No. This tells me you dont know the math at all behind what youre saying. Which makes answering anything else you say probably pointless. Care to back up your claim with an equation?
Now that'd be some good, necessary mathematics right there if it does. It certainly adds the paradoxes of faster-than-light and backwards-in-time effects to violate special relativity and apparent causality.
Where the hell are you getting this nonsense? One of the most amazing things of non-relativistic QM is that it doesn't violate these things despite its nonlocality. Understanding why is presumably a deep insight we've failed to achieve. Care to explicitly back up your claim with an equation?
I have no clue what you were trying to get at with the next bit of your examples/questions. If you can phrase a clearer question I will try and answer.
I have to assume these quantum computer scientists are aware that what you throw away with a collapse approach can come back to haunt what is kept if something is small enough and isolated enough? The collapsed state would then fail to be "the correct state" if the mathematics don't describe all that can cause later effects. Von Neumann wasn't waving his hands around with that one.
Unbelievable. I'm through arguing with you until you demonstrate you actually understand some of the math behind QM. Everything in the above paragraph is based on a complete misconception of how collapse works in quantum mechanics.
Yeah, and Bohr never understood EPR either, Einstein forgot general relativity in an argument against QM, Feynman misunderstood the fundamentals of calculus, and so on. Who knows, maybe even von Neumann did hand-waving consciousness arguments?
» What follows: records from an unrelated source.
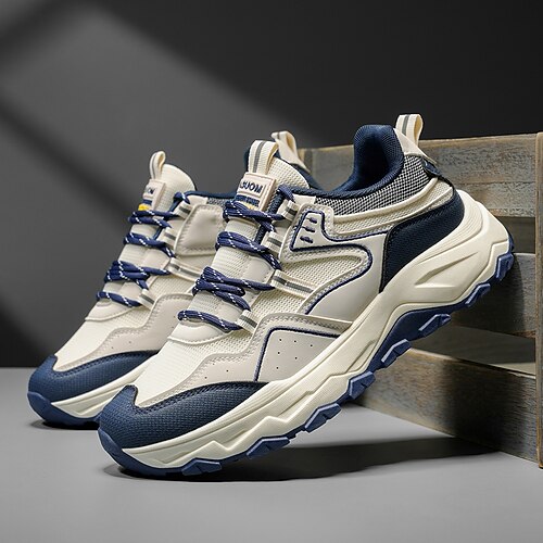 scarpe da trekking da uomo beige e blu navy con suola in gomma spessa - calzature di supporto per avventure all'aria aperta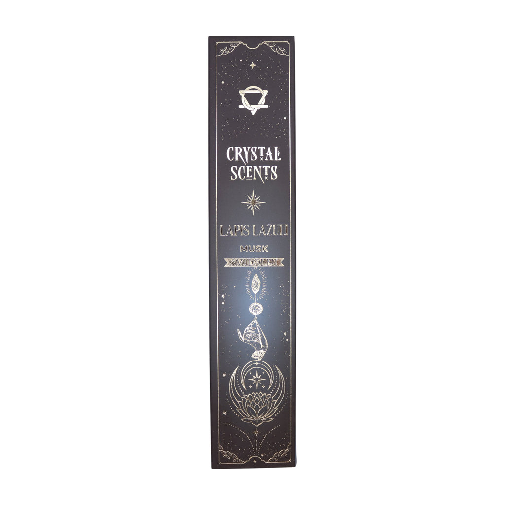 As each stick burns, warm musk notes rise into the air, grounding the senses while encouraging focus and introspection. Lapis lazuli—revered for centuries as a stone of wisdom, truth, and higher understanding—infuses this incense with a calming yet expansive energy, perfect for meditation, self-reflection, or enhancing your spiritual practice.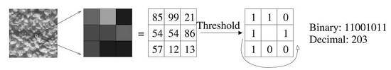 - center pixel을 중심으로 나머지 픽셀들과 크기비교를 한다. center pixel 보다 크거나 같다면 1 작다면 0으로 계산한다.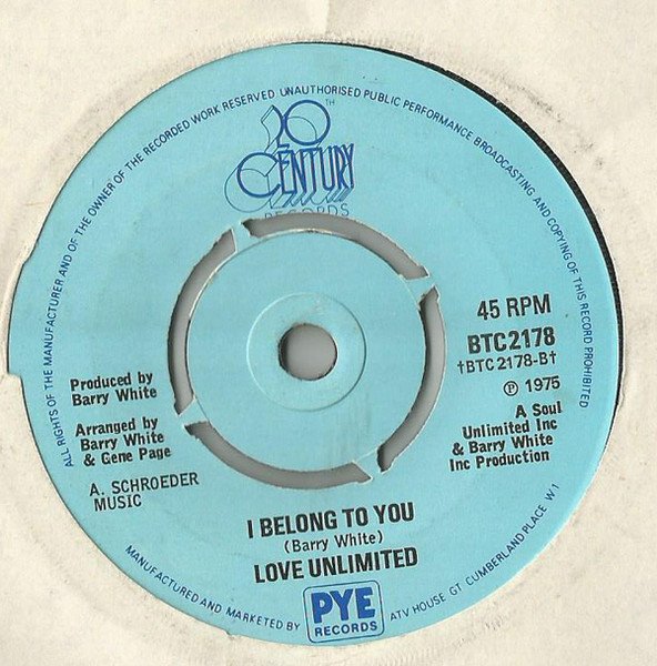 Pale blue label with '20th Century' logo at 12 o'clock and 'Pye' logo at 6 o'clock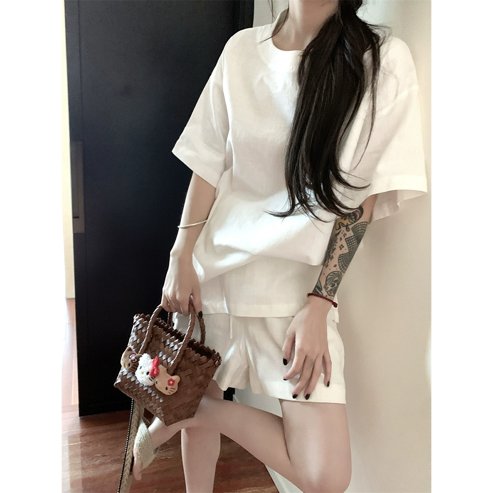 | nameOriginal | Women's Round Neck Elastic Waist Solid Color Casual Short Sleeve T-Shirt |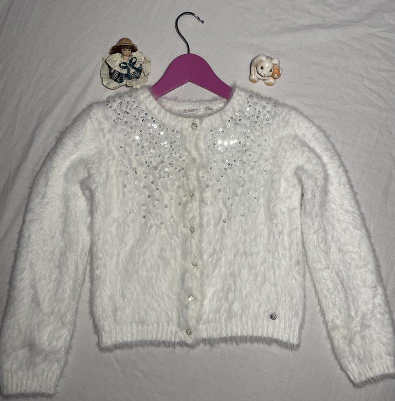 свитер для девочки в идеале. размер 140 на гудзиках. Мягкий, не Калый. длина 40см. объем груди 37,5см. длина рукава от плеча 46,5см.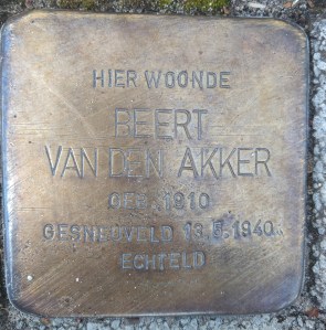 Ik steek de Bunschoterweg over en loop terug richting Nijkerk. Bij de Palestinaweg sla ik rechtsaf en loop de lange rechte weg in. Vlak voor de grens met de provincie Utrecht neem ik een pauze. In de zon en uit de wind en met mijn rug tegen een boom is het goed toeven. In de verte raast de A28. Ik zie het ooievaarsnest boven op een structuur die doet denken aan een ouderwetse boerderij. Hier in Palestina is het rustig. Aan het einde van Palestina loop ik langs de Laak, die op veel plaatsen scheiding aanbrengt tussen gemeenten en provincies. Ik wandel op de Domstraat, maar de Dom van Utrecht kan ik vanaf hier niet zien. Deze straat brengt mij, via Holkerveen, uiteindelijk bij de Amersfoortseweg. Daar ga ik naar het noorden om via enkele afslagen uit te komen bij de Joodse Begraafplaats aan de Oude Amersfoortseweg. Eén van de laatste graven is van Isaac Neiman (geboren te Shanghai 1943 en overleden te Amsterdam). Ik draai mij om en wandel terug naar de Van Dijkhuizenstraat en wandel Nijkerkerveen in. De steen bij nummer 75 heb ik snel gevonden. Hier ligt op het trottoir de struikelsteen van Beert van den Akker (29 jaar). Beert was van huis uit huisschilder en tijdens de mobilisatie legerkok. Een kwestie van de verfpot inruilen voor de kookpot. Hij was gelegerd bij een zuidelijk deel van de Grebbelinie. Daar werd hij dodelijk geraakt in de nacht van 12/13 mei 1940. Zijn laatste rust vond hij op de militaire begraafplaats Grebbeberg.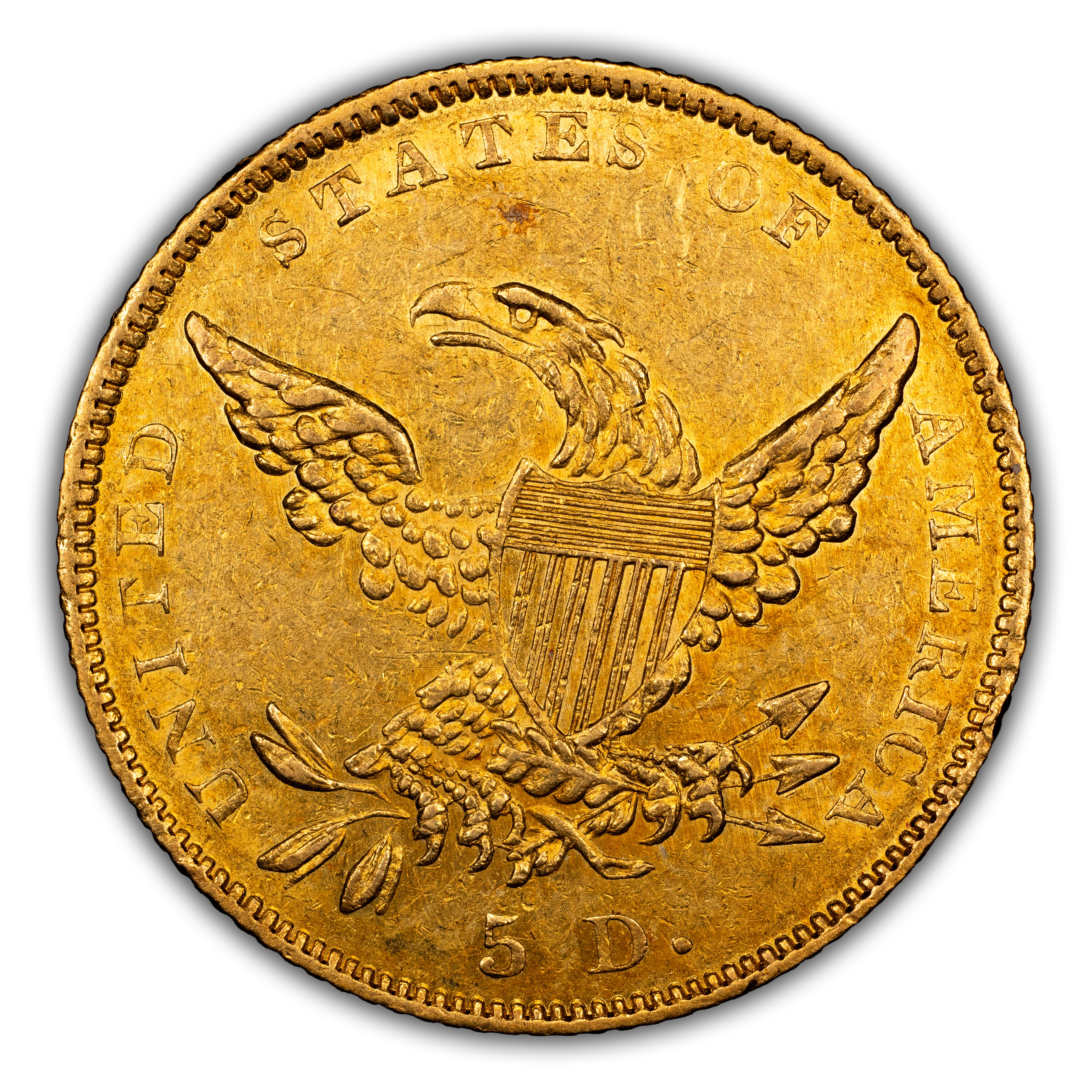 Reverse: An eagle with wings fully spread. The words UNITED STATES OF AMERICA around the periphery with "5 D." written as a fraction appears at the bottom.
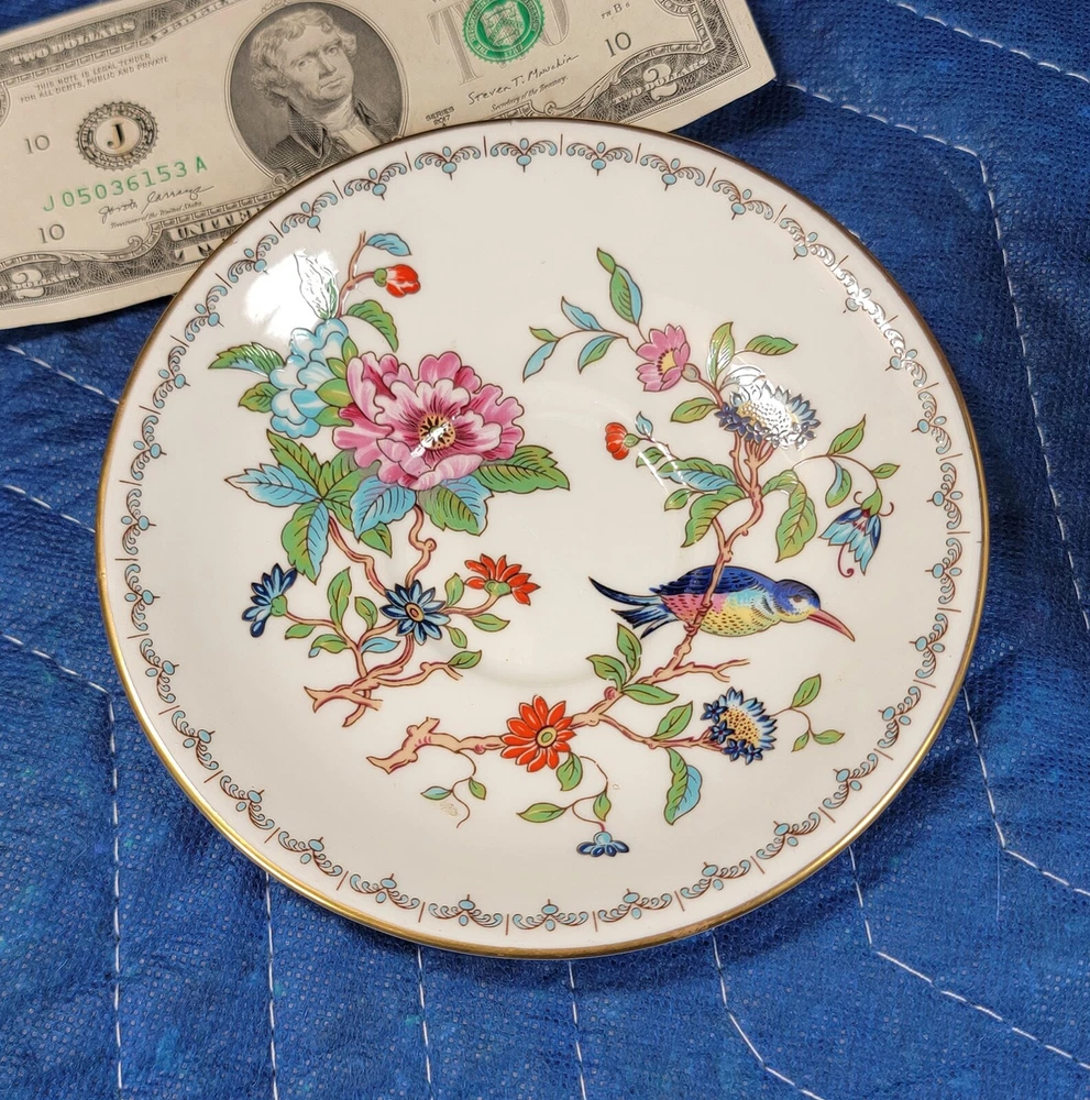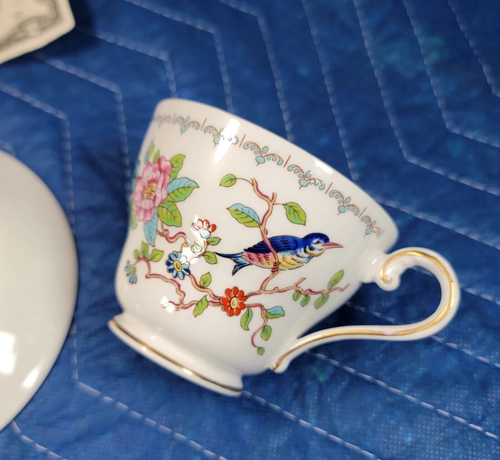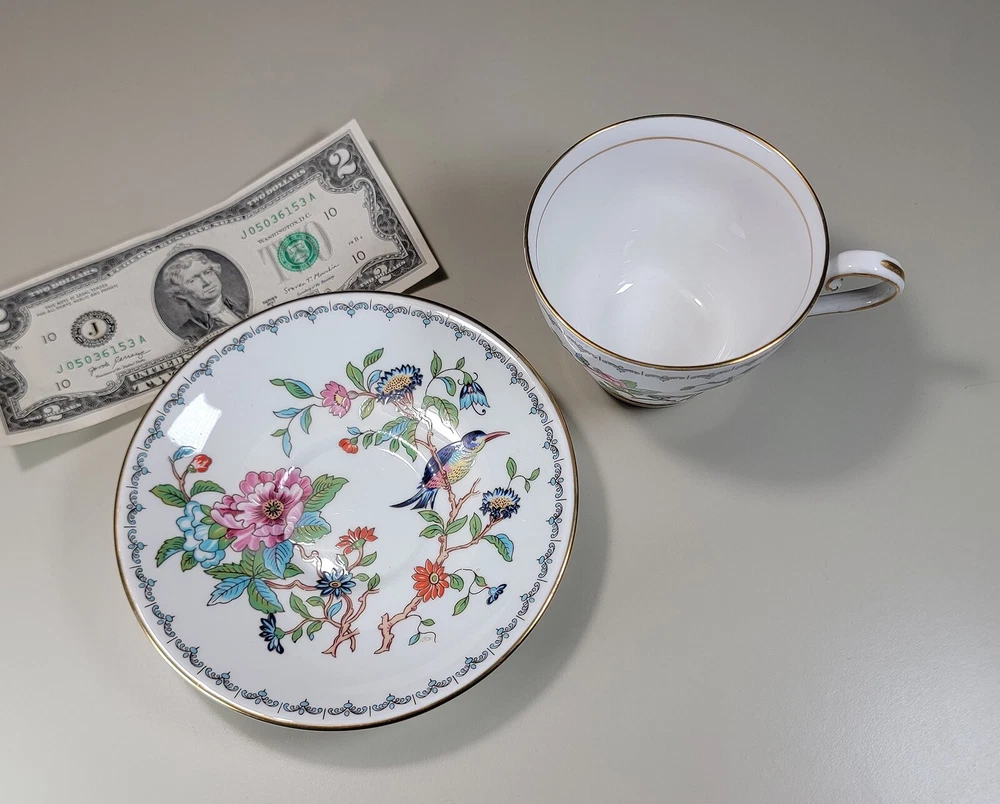 AYNSLEY Pembroke (Gold Trim) Cup & Saucer DIMENSIONS: Saucer: 5 1/2" diam. Cup: 2 1/2" tall x 4 1/4" x 3 1/4". Total weight: 10 ounces. DESCRIPTION: 1 vintage cup and saucer. By AYNSLEY. Pattern: Pembroke. Bone china. Multicolored birds and flowers on white with gold rim accent. Back stamp: green crown mark "Aynsley - Est. 1775 - Made in England - Fine English Bone China"; "Pembroke - Reproduction of an Eighteenth Century Aynsley design". 1985-2015. CONDITION: Excellent gently used condition. No damage and no significant wear. No restoration. Condition is consistent with seldom gentle use and careful handling. Most of these pieces appear unused or barely used. No nicks, fleabites, chips, cracks. No significant scratches or rubs. No crazing. No residues, scale, stains or discolorations. No wear to the floral decoration. Clean, bright, shiny. On very close inspection in glancing light you may detect some very light, typical use-related surface wear which may include: scattered small utensil scratches to the glaze; scattered minute wear to the gold rim accent. Nothing at all significant or conspicuous.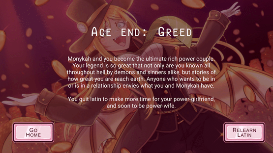 You've studied latin for a few months and you accidentally read a passage from your textbook which lands you in a demon speed dating bar. Unsure of how to get home, you decide to ride it out and see how things go. Maybe you'll even find a date! Or maybe you'll find death? Who knows...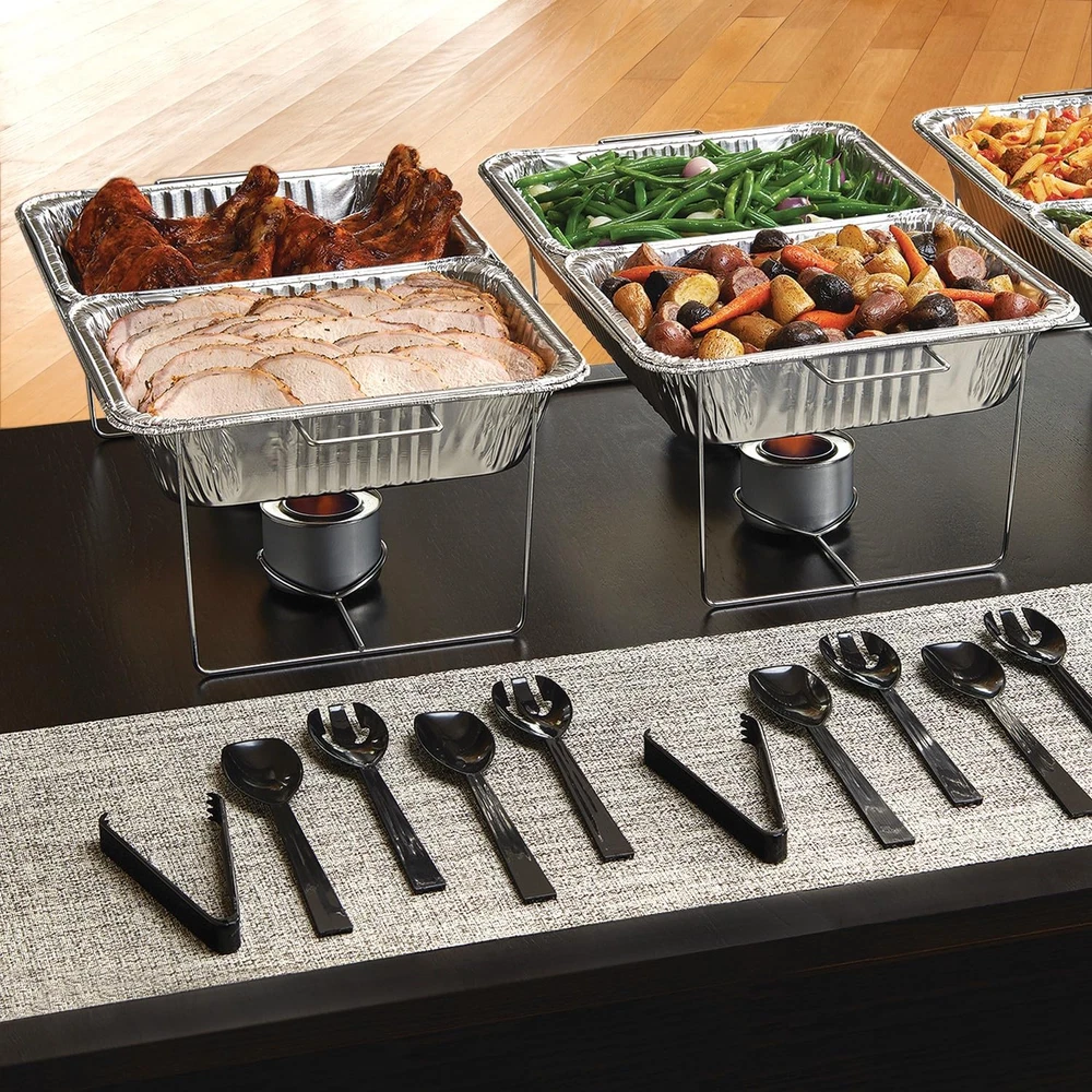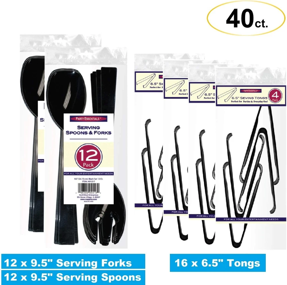 Plastic Party Buffet Serving Utensils Kit, Spoons/Forks/Tong, 40-Piece, Black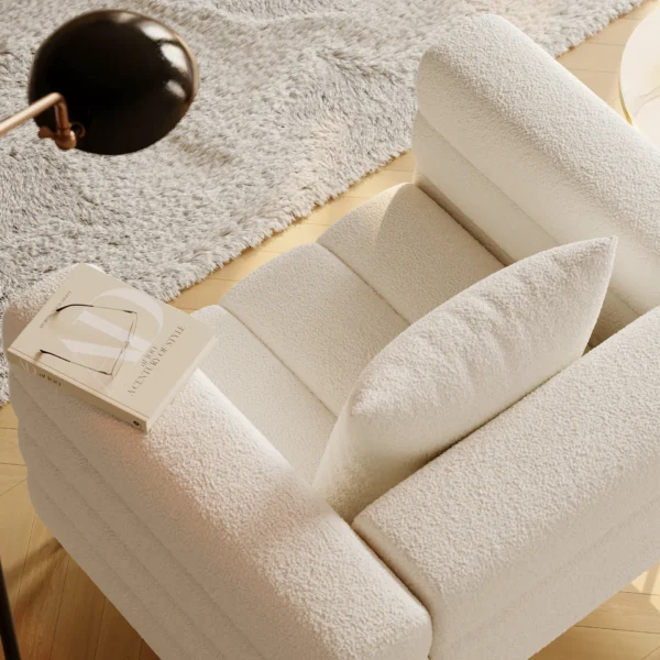 The high armrest design, combined with high-quality lambswool fabric, provides a more comfortable experience when reclining.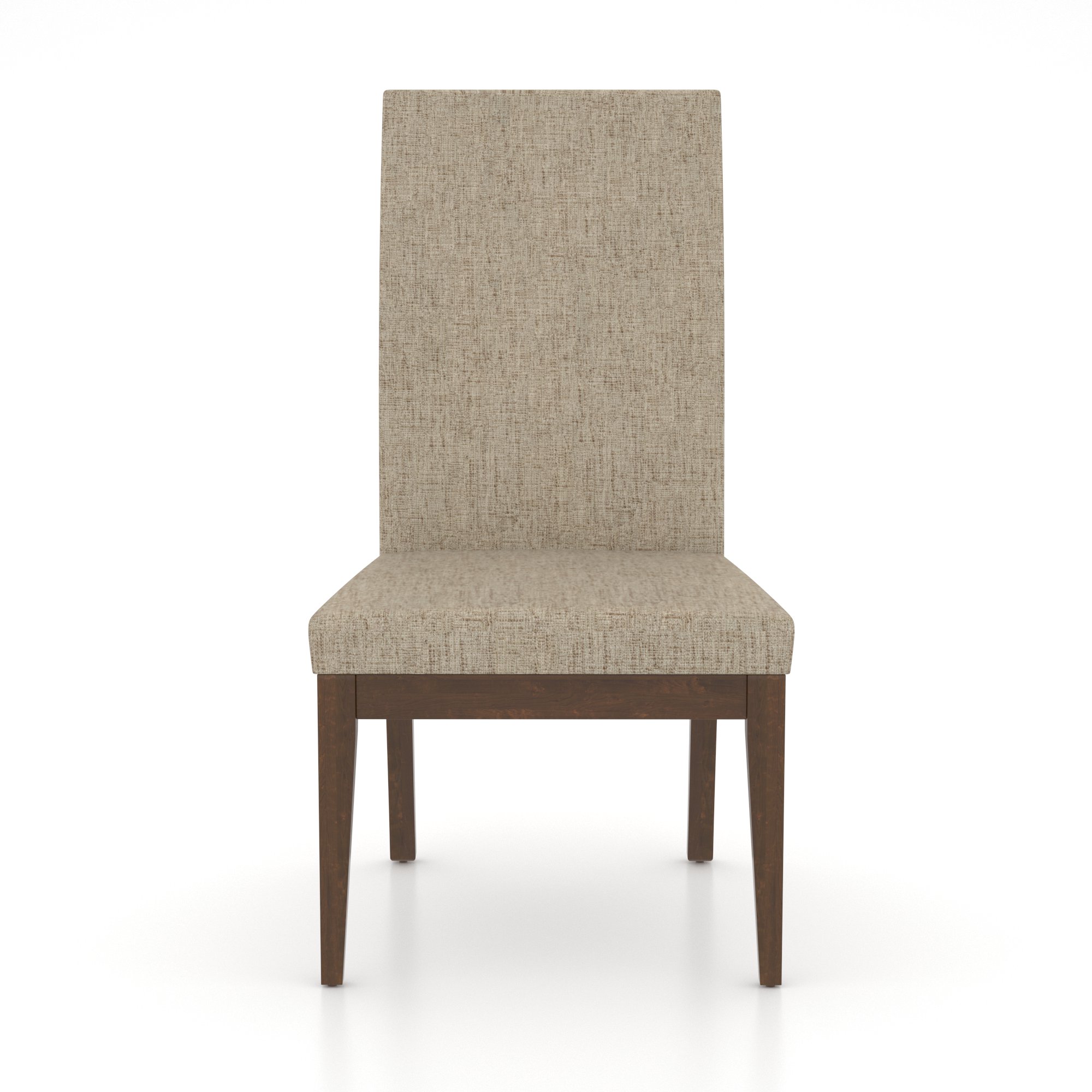 The perfect balance between comfort and a sleek design. This upholstered chair, with its straight, modern lines, blends harmoniously into all types of decors whether contemporary or classic. Made from solid wood and upholstered in the fabric of your choice, it combines elegance and durability.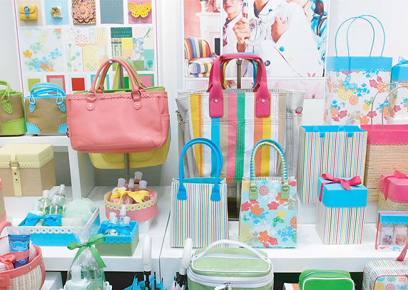 Deliverables: Set of multi-colored, multi-patterned pebbled faux leather bags, set of multi-colored wicker and faux leather bags, set of six paper printed Create Your Own gift bags, and a set of multi-sized gift set boxes.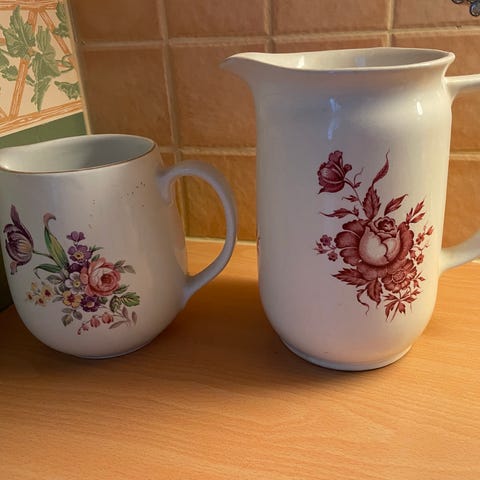 Arabia ja Hackman kannut keraamiset kukkakuvioinnit

For the record, in case anyone is actually interested, I think it is clear Bohr misunderstood Einstein's steering arguments (which pre and post dated EPR), but did understand the EPR paper. His response to EPR does not work with the other arguments, as many, many people have pointed out. Somehow there is this mythology built around EPR that Bohr answered everything Einstein came up with. But with a lot of these discussions, such as the photon in a box thing was written many years later by Bohr, and do not concord with Einsteins correspondence of the time.
e.g For the photon in a box, at that time (similar time to EPR paper) in letters to people what he was saying was "look, after the photon has gone I can choose either to weigh the box, and therefore determine the color of the photon (which is by now far away) or I can measure its time of exit (which determines its spatial location - so for instance when it would hit a remote mirror). That seemed like a paradox to Einstein, for whom the color of a photon and its temporal location should both have been physically real, and therefore how could his observations on the box suddenly seemed to affect the physical properties of the remote photon. (Note this has nothing to do with challenging the uncertainty principle, nor did he "forget" general relativity, which is not actually needed anyway because gravitational time dilation is derivable without full GR from Newtonian potential considerations).
Its a beautiful "paradox" from which anyone can learn a lot about quantum mechanics.
Read some of Don Howard's (historian/philosopher at Pittsburg) papers for several nice pedagogical discussion of such things.
Regarding people borrowing my idea: Its certainly true someone could. In fact I've discussed it with several well known people, and made some notes which have been emailed around, which is some protection I guess (though also more of a risk - I certainly lost one semi-important idea this way). At the moment I see it as simply a mathematical curiosity I'll eventually flesh out (when I find an unwary student!) into something maybe even useful.